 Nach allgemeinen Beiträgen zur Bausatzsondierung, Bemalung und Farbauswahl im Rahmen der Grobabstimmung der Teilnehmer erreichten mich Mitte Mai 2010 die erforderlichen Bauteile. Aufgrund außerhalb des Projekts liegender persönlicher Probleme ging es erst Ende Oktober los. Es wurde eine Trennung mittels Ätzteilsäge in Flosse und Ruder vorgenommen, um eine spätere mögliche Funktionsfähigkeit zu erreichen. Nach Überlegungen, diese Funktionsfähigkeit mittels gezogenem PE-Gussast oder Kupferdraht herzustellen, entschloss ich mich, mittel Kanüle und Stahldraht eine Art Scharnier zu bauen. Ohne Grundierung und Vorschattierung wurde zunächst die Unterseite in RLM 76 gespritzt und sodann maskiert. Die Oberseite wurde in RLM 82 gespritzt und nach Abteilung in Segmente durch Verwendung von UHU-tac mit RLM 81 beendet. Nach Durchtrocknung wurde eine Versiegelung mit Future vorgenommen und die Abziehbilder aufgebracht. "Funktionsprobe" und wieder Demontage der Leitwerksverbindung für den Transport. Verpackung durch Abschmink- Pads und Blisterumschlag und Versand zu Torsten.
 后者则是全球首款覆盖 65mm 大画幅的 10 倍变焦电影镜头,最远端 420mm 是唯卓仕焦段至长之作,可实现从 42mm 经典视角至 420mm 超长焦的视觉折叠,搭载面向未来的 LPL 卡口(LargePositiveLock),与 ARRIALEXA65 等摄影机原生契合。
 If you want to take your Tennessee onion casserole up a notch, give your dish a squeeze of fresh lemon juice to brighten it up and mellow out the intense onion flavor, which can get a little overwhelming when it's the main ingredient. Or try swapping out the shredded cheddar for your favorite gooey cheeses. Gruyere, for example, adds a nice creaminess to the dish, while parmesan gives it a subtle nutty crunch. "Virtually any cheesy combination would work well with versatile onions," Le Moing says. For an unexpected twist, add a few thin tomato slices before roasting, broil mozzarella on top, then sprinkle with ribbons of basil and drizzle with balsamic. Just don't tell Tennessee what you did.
━━━━━━━━━━
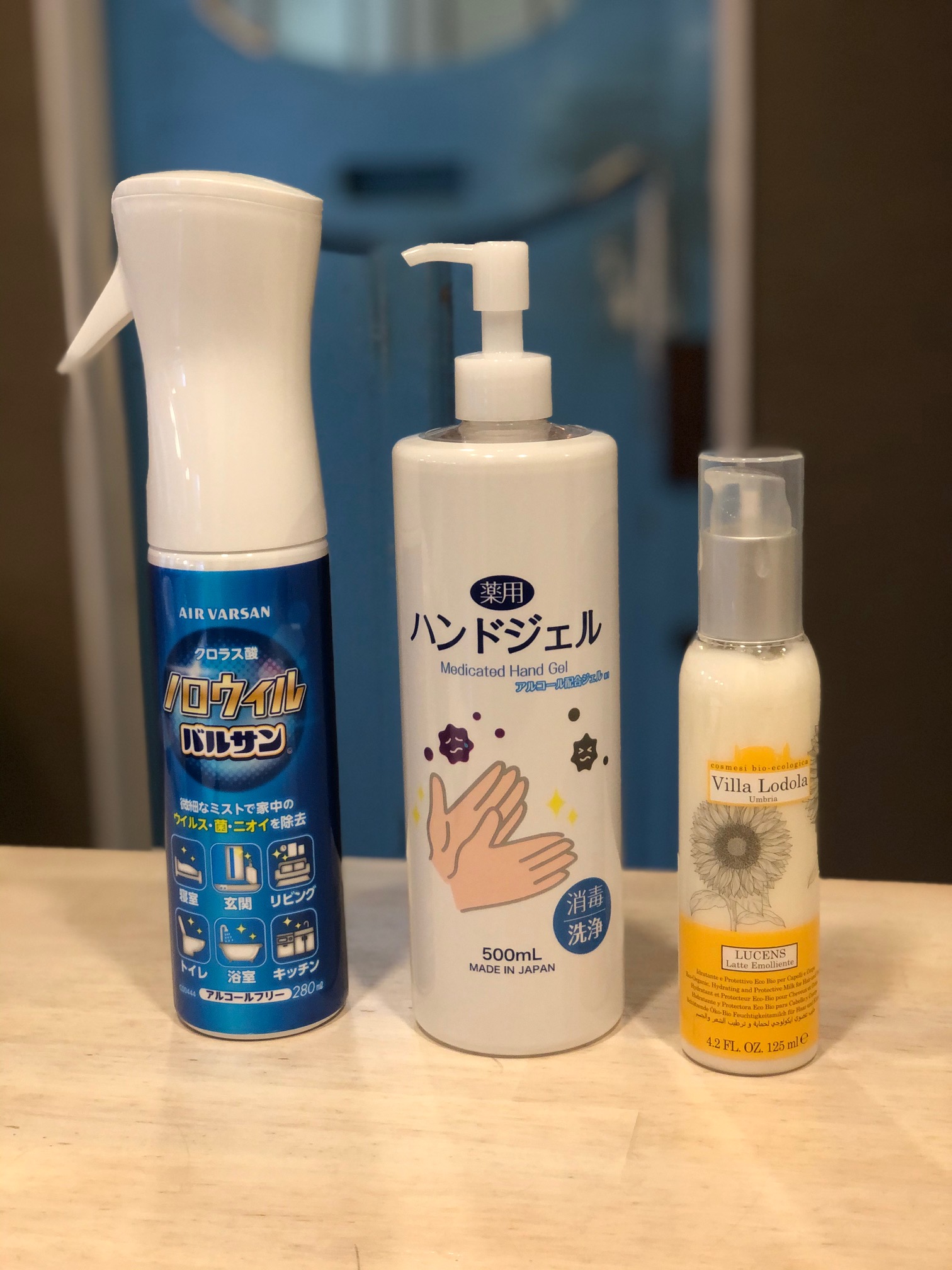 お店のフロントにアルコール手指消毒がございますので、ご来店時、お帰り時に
━━━━━━━━━━
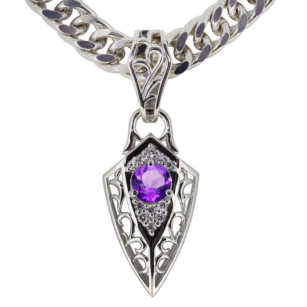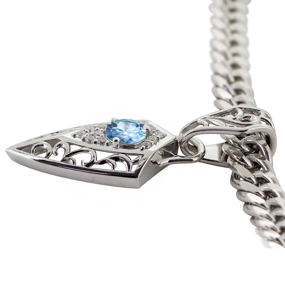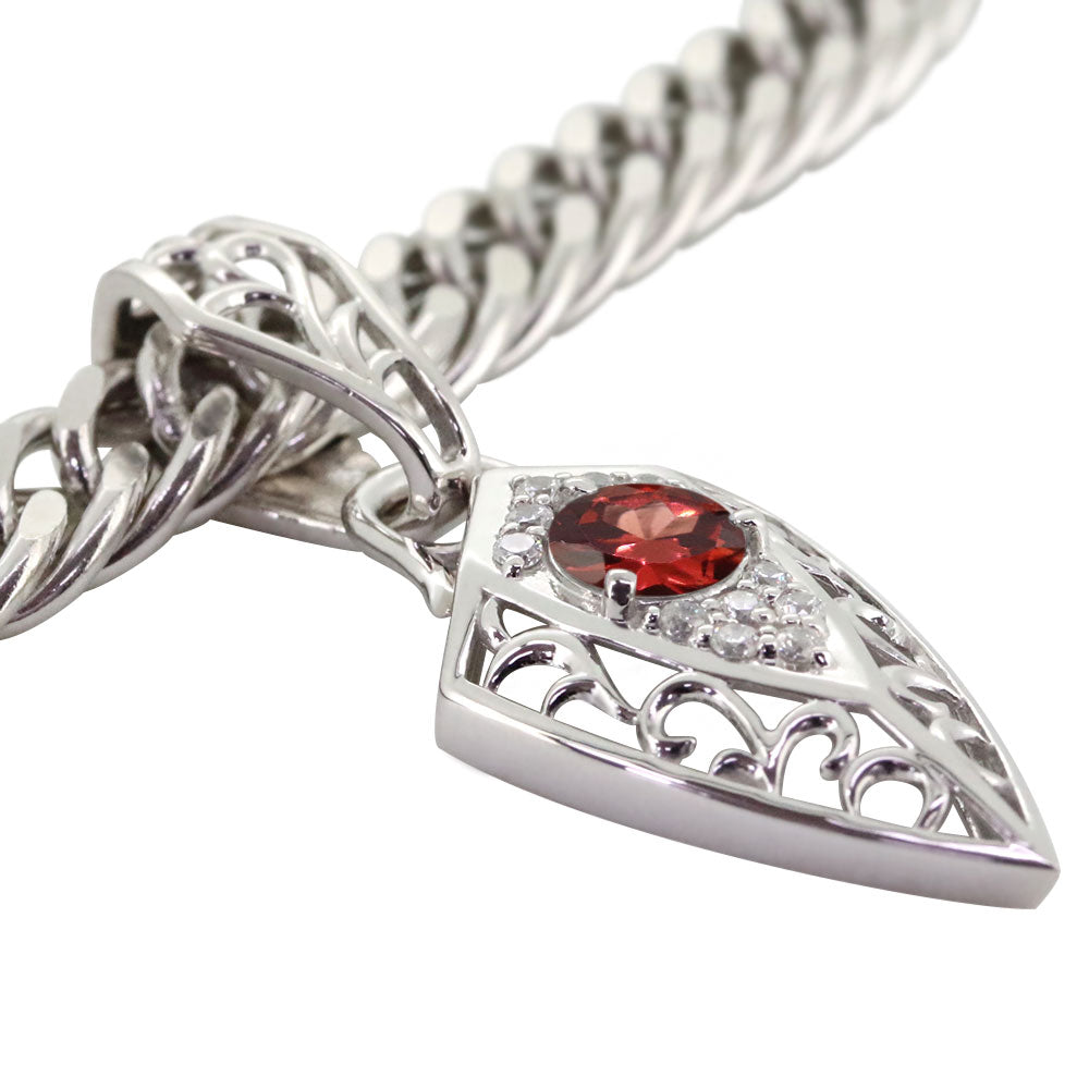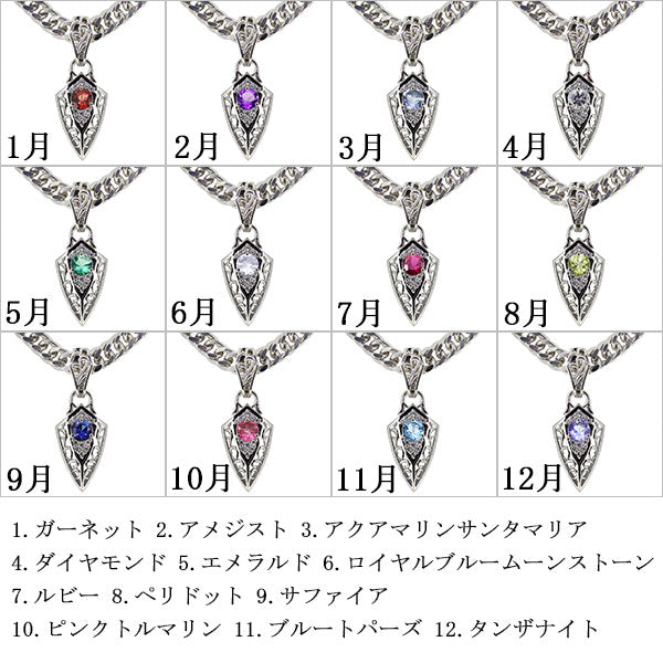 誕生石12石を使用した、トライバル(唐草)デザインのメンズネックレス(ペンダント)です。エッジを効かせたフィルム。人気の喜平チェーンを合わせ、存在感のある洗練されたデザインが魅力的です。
━━━━━━━━━━
§ **Exercise goal**: Among the records above, only the lines between the line holding "后者则是全球首款覆盖 65mm 大画幅的" and the line holding "If you want", inclusive, are to be output, exactly as written.

§ **Response box**:
 后者则是全球首款覆盖 65mm 大画幅的 10 倍变焦电影镜头,最远端 420mm 是唯卓仕焦段至长之作,可实现从 42mm 经典视角至 420mm 超长焦的视觉折叠,搭载面向未来的 LPL 卡口(LargePositiveLock),与 ARRIALEXA65 等摄影机原生契合。
 If you want to take your Tennessee onion casserole up a notch, give your dish a squeeze of fresh lemon juice to brighten it up and mellow out the intense onion flavor, which can get a little overwhelming when it's the main ingredient. Or try swapping out the shredded cheddar for your favorite gooey cheeses. Gruyere, for example, adds a nice creaminess to the dish, while parmesan gives it a subtle nutty crunch. "Virtually any cheesy combination would work well with versatile onions," Le Moing says. For an unexpected twist, add a few thin tomato slices before roasting, broil mozzarella on top, then sprinkle with ribbons of basil and drizzle with balsamic. Just don't tell Tennessee what you did.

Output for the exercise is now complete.